Reviews for Jonas
lookingwest chapter 1 . 1/10/2010
Read this like a poetry slam and I like how you formatted it as such, with the two lines together, that really staggers it for me and I can get a wonderful sense of this piece being read aloud. You use great words that when spoken employ wonderful alliteration, more specifically "tonguing tangerine teen-queens" that was amazing, and I obvious really love it!

from the review marathon (link in my profile)
Brenda Agaro chapter 1 . 11/9/2009
I like the structure and pacing of this poem. To me, the imagery and word choice made it vivid.
deefective chapter 1 . 11/9/2009
Hm. I really enjoyed the clever word play in here with the similar sounding words and alliteration and all. Very nice to read out loud. I also liked this line:

"tonguing tangerine teen-queens"

Something about that just sounded so well written and it created some interesting imagery there.
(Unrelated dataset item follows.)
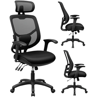 An ergonomic office setup with a height-adjustable desk and a large flat monitor on top. Next to it, a modern ergonomic swivel chair with supportive backrest, and a small potted plant placed on the desk or floor to add a healthy touch emoji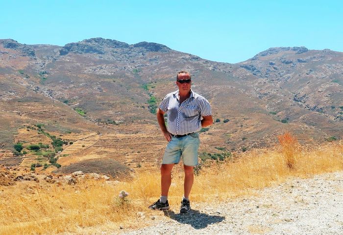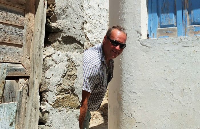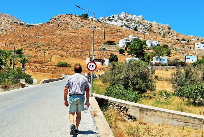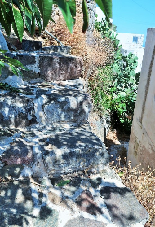 Vårt mål var att nå Chora, en vykortsvacker stilla by med hus som klätterlikt reser sig mot bergets topp och som avslutas med ett kapell på knallens högsta punkt. På toppen möts man av en svindlande utsikt över Livadibukten och dess by intill. Livadi har sexhundra invånare och en del turism om somrarna. I stillsamma Chora bor trehundra personer. Med bil kan man ta sig upp via den nyare vägen som likt en serpentin ringlar sig uppför och emellanåt korsar den åsnestig som vi kämpar oss upp via. Men tar man bil så får man parkera och gå sista biten oavsett, för den övre bebyggelsen erövras endast till fots eller ridandes på åsnerygg då vägarna övergår i stenbelagda gränder och trappor där vissa partier är svårbemästrade och får promenaden att mer likna en bergsklättning än någonting annat.

Though, I'm not sure what it was but I just didn't like the overall piece. I think maybe it had to do with the way you phrased your sentences but it's weird. All the elements were there (good writing, imagery, message, etc) but it just didn't do it for me.
SyllabicHeartbeat chapter 1 . 11/8/2009
Beautiful poem. Honestly, your word choice adds to the heart of the concept in all your pieces. I love it. The concept can be so simple and yet, so descriptive.